A country/state that is voluntary is possible, so long as people aren't forced into it by issue of birth or residence.

I don't see why it would not work with a large population, resources could not be owned by some distant oligarch without the state enforcing absentee ownership. The state that is an involuntary government thrust on the people perpetuates all wrongs and creates many that need not even exist. The problem is cyclical in the way human lives are cyclical. Children need to be educated, young men and women need to be reminded, old people must be taken care of by their families so that they not succumb to the welfare state promises of some tyrant or another.


 No.754

>>658

>anticapitalist

>pro libertarian

pick one

>>659

how is capitalism flawed?

>>728

>the concept of money and currency should be able to work more effectively and fairly on it's own.

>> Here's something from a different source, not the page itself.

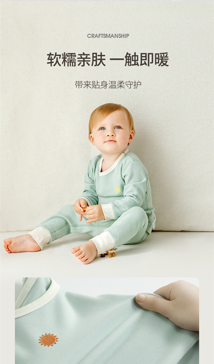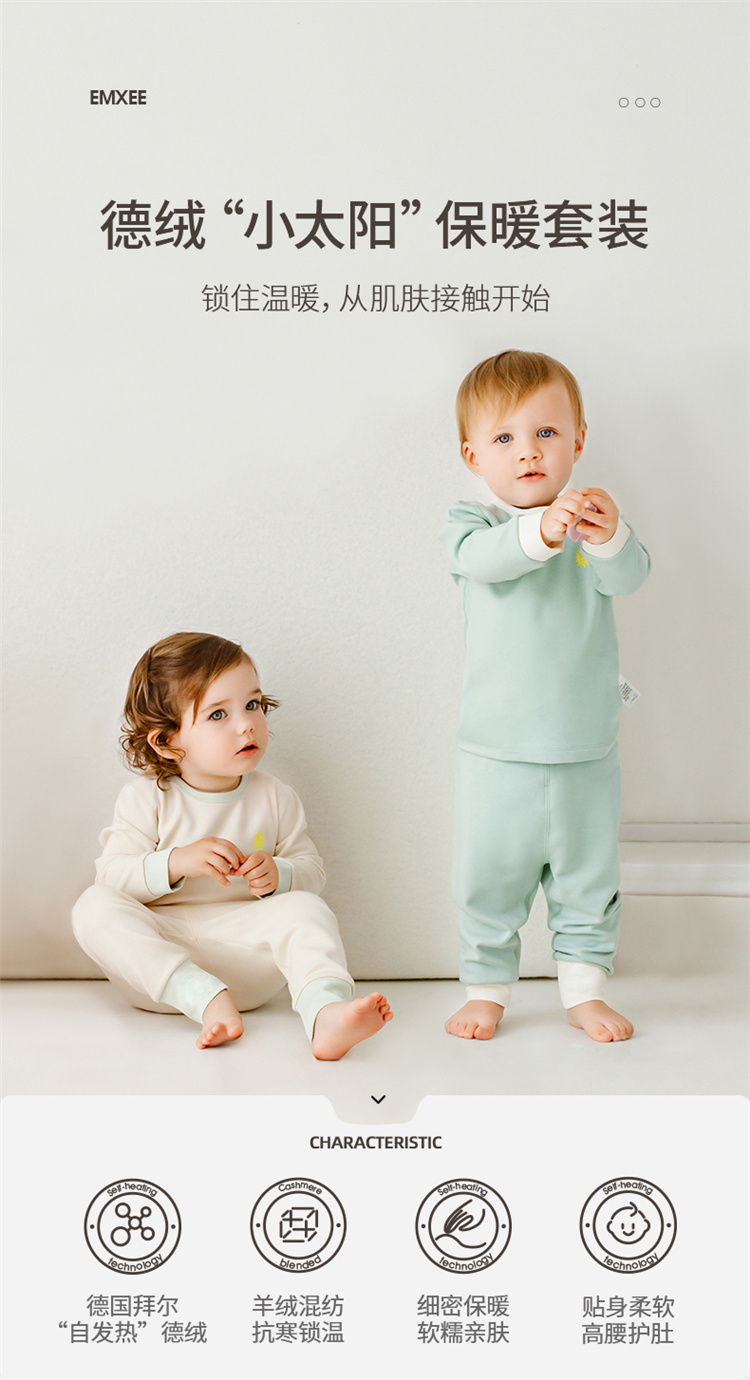 EMXEE官方嫚熙宝宝衣服秋冬装德绒羊毛恒温新生婴儿连体衣保暖衣-H

that is literally capitalism piss pour arguement as to why its flawed

>>732

>The answer is having any money available to be optional to anyone.

literally communism

>capitalism sucks

>telling others how to live their private lives and market interactions sucks

ok you really need to pick one now.


 No.757

>>754

>>The answer is having any money available to be optional to anyone.

>

>literally communism

>

>>capitalism sucks

>

>>telling others how to live their private lives and market interactions sucks

>

>ok you really need to pick one now.

Did you just say that allowing anyone to be able to use any currency optionally is communism or that not mandating a government enforced one currency is telling others how to live?